Callum relaxed and grinned before stating, “Perfect.”
And they were perfect. Not just their play, which happened as frequently as he could manage and Sonia always greeted it with eagerness, but everything that was them was perfect.
They settled in a rhythm of life that pleased Callum very much.
He allowed her to go to Clear for two or three hours a day but kept her close any other time. Mostly in his lap, liking her near, liking her scent. The sound of her steady breathing. The sight of her elegant profile if he just twisted his neck to look at it. Her sweet ass snug in his lap, his chain within reach so he could toy with the charm she loved so much and he could have the physical reminder of their bond in his fingers.
She didn’t mind this, had settled into it nicely, in fact. As her reward, he often allowed her to do things around the house or go shopping with his mother or, if they were at the mansion, to wander freely so she could talk to and get to know her wolves. This last he’d noted, as Sonia was very sociable and sweet, she’d charmed the lot of them as Callum knew she would do.
She would often stiffen and inform him of what displeased her (or not, depending) but she was Sonia. That was her way.
They did not fight as they did in the beginning. She had clearly accepted her destiny, in fact, she’d embraced it.
Ryon’s eyebrows went up, taking Callum out of his thoughts when he enquired, “You’re certain?”
Callum turned fully to Ryon and demanded, “What are you driving at?”
Ryon blew out a sigh and noted, “Regardless of her heightened abilities, she’s still human.”
“Yes, Ry, she’s still human,” Callum remarked with strained patience.
“And female humans are not like she-wolves.”
“No, they aren’t.” Although Sonia, Callum thought, in many ways very much was.
“Cal,” Ryon went on patiently, “ours is a whole other world for her. A different culture, all of it but mostly the way a male is with his mate, what he expects of her. I’ve been watching Sonia, she’s settled quickly, too quickly. It’s strange for a human and it makes me uncomfortable.”

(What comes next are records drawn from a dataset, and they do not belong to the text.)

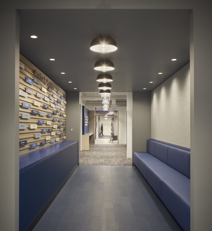 A continuous branding thread begins at the front door and weaves throughout the entire space, tying areas together through the use of logo and graphics, color blocking, a glass timeline feature, and an employee accolades wall with custom-designed millwork.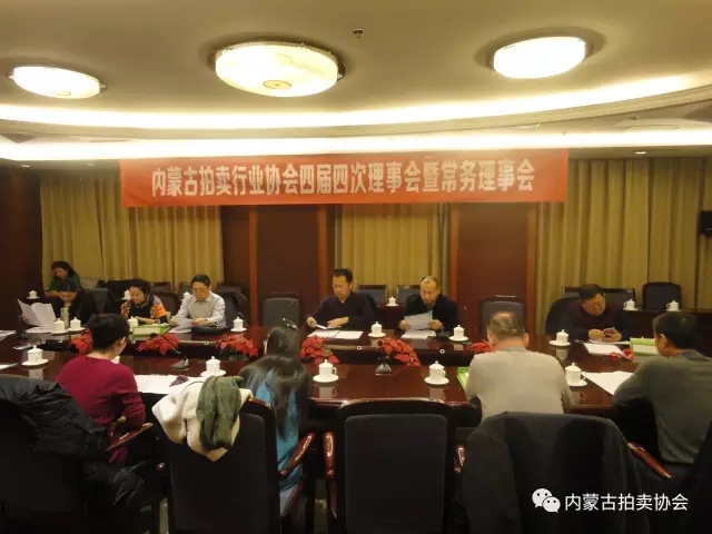 2017年1月12日,內(nèi)蒙古拍賣行業(yè)協(xié)會(huì)四屆四次理事會(huì)暨常務(wù)理事會(huì)在呼和浩特市華辰酒店召開(kāi),下午七時(shí),會(huì)議準(zhǔn)時(shí)召開(kāi),由內(nèi)蒙古拍賣行業(yè)協(xié)會(huì)副會(huì)長(zhǎng)兼秘書(shū)長(zhǎng)賈世軍主持會(huì)議。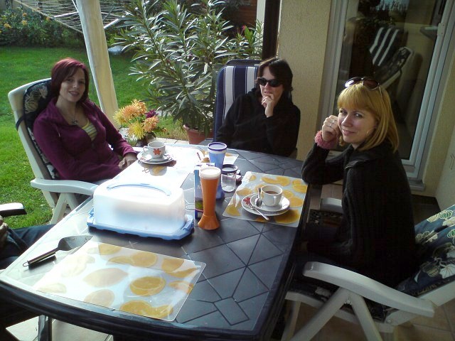 Franzi war natürlich auch da und wir genossen die warmen Sonnenstrahlen im windgeschützten Eck der Terrasse. | |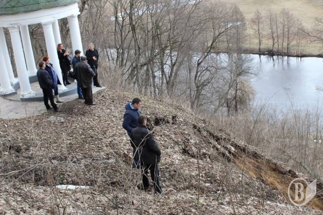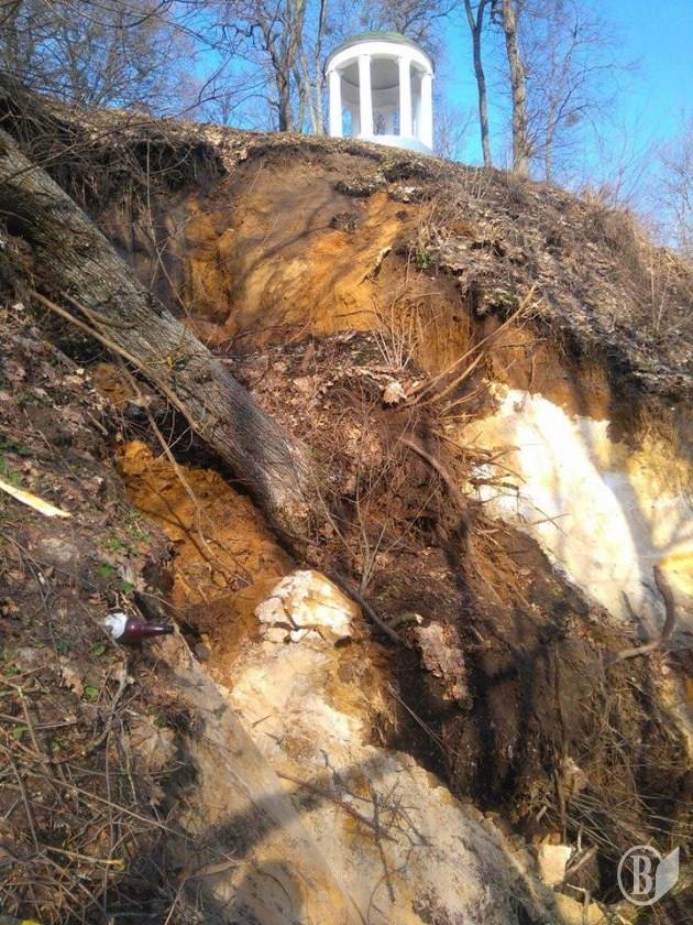 Альтанка, про яку мова, будувалася на зрізаній і штучно підсипаній терасі. А ґрунти там досить м’які, сипучі, рухливі. Враховуючи це, лизогубівські "ландшафтні дизайнери" розплановували територію так, що дощові води не стікали вниз із гори, не розмивали її, а йшли в іншому напрямку в найближчі природні яри.

Callum felt his gut get tight. “What makes me uncomfortable is you watching her.”
Ryon’s body went visibly solid and his voice was threaded with angry affront when he whispered, “You insult me, my king.”
Callum studied his cousin then he reminded him, “She’s my mate.”
“Understood,” Ryon replied, “more than probably you know.”
“What does that mean?”
“That means we’ve grown up together, closer than brothers and I’ve wanted this for you for over three hundred years,” Ryon clipped. “And I don’t want you to f**k it up.”
Suddenly angry at Ryon’s unwelcome and unfathomable implication, Callum leaned in and declared, “I’m not f**king it up.”